→ **The data**
########################################

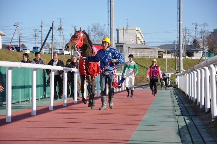 「3連勝と勢いに乗っていたので、重賞に手が届いてうれしかったです。スタートがあまり得意な馬ではないので後方から進めようと考えていました。3コーナーから4コーナーにかけて併せ馬の形で進めることができたことが大きかったですね。まだまだ遊んで走っているところがあるので、改善できればもっと強くなると思います。今後も応援して下さい。」
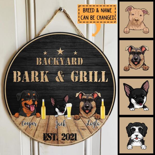 Dog Backyard Bar & Grill Sign, Backyard Home Wreath Black Background, Personalized Dog Breed Door Sign
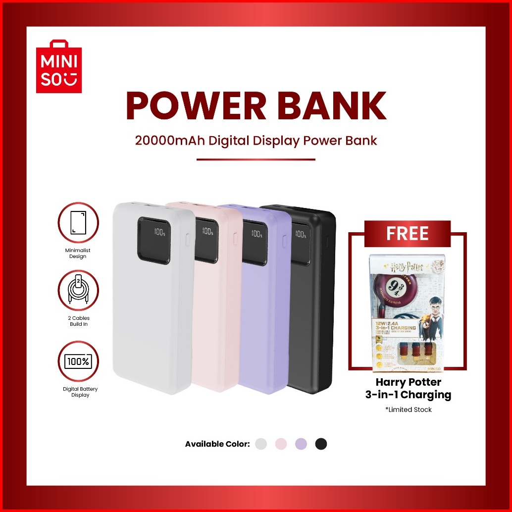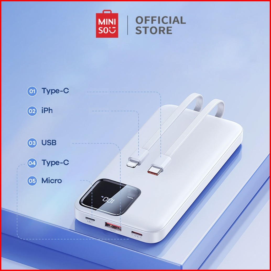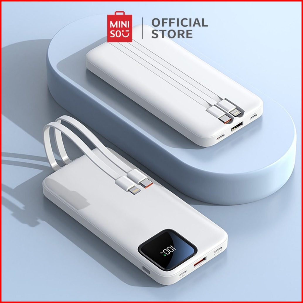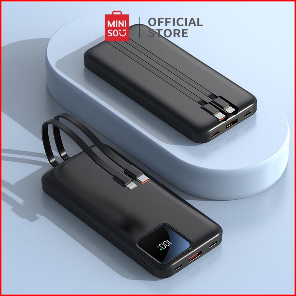 Miniso Powerbank 20000mah Digital Display Power Bank With Cable Bank Daya Dengan Dua Kabel Pengisian Daya
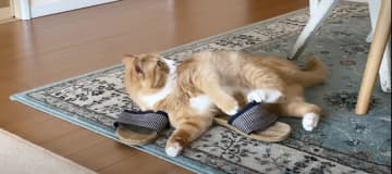 スリッパに酔ってる?スリスリが止まらない猫ちゃん!

########################################

→ **Assignment**
Find the line containing "Miniso Powerbank 20000mah" and copy it and each line after it through the end of the material, exactly, with no pictures.

→ **Your response**
 Miniso Powerbank 20000mah Digital Display Power Bank With Cable Bank Daya Dengan Dua Kabel Pengisian Daya
 スリッパに酔ってる?スリスリが止まらない猫ちゃん!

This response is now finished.